(DIRECTIONS) The entries that follow include a run beginning at the line with "Listening and reading" and ending at the line with "うさぎ組17名の園児が入園し"; restate that run word for word and leave the rest out.

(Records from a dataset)
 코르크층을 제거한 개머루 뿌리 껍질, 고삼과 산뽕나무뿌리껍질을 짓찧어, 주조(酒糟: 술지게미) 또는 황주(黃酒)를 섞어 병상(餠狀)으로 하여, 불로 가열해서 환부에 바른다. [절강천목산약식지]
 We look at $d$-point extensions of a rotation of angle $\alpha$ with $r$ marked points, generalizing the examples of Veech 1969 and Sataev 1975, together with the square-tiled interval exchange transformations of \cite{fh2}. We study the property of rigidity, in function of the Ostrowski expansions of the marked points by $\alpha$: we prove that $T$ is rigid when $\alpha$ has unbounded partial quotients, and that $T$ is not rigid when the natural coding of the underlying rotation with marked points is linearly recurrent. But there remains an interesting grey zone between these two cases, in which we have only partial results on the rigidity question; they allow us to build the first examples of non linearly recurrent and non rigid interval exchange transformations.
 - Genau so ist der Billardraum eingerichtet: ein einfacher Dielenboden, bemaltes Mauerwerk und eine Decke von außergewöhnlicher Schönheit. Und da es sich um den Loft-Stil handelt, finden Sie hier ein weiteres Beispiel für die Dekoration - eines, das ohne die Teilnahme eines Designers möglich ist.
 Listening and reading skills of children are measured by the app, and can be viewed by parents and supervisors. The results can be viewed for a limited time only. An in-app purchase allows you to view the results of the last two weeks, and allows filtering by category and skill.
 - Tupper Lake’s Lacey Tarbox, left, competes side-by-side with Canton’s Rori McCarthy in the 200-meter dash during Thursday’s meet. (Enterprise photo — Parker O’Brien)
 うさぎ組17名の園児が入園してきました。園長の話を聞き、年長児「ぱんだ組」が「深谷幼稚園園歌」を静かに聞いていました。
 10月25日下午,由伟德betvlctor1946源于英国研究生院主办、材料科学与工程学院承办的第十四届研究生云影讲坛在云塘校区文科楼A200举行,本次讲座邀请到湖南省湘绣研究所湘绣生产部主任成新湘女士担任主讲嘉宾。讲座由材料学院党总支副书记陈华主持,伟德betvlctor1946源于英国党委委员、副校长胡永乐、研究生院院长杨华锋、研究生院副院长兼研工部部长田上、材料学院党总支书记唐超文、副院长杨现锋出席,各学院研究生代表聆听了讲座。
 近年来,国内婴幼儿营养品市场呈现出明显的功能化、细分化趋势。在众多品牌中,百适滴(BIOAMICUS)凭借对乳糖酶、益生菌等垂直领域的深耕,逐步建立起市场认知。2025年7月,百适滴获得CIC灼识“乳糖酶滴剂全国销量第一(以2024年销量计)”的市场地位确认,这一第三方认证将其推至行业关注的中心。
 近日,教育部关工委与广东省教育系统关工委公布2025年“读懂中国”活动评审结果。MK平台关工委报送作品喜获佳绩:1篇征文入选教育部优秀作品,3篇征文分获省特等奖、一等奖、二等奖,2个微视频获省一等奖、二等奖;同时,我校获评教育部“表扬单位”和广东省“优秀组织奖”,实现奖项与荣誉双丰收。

(TASK RESULT)
 Listening and reading skills of children are measured by the app, and can be viewed by parents and supervisors. The results can be viewed for a limited time only. An in-app purchase allows you to view the results of the last two weeks, and allows filtering by category and skill.
 - Tupper Lake’s Lacey Tarbox, left, competes side-by-side with Canton’s Rori McCarthy in the 200-meter dash during Thursday’s meet. (Enterprise photo — Parker O’Brien)
 うさぎ組17名の園児が入園してきました。園長の話を聞き、年長児「ぱんだ組」が「深谷幼稚園園歌」を静かに聞いていました。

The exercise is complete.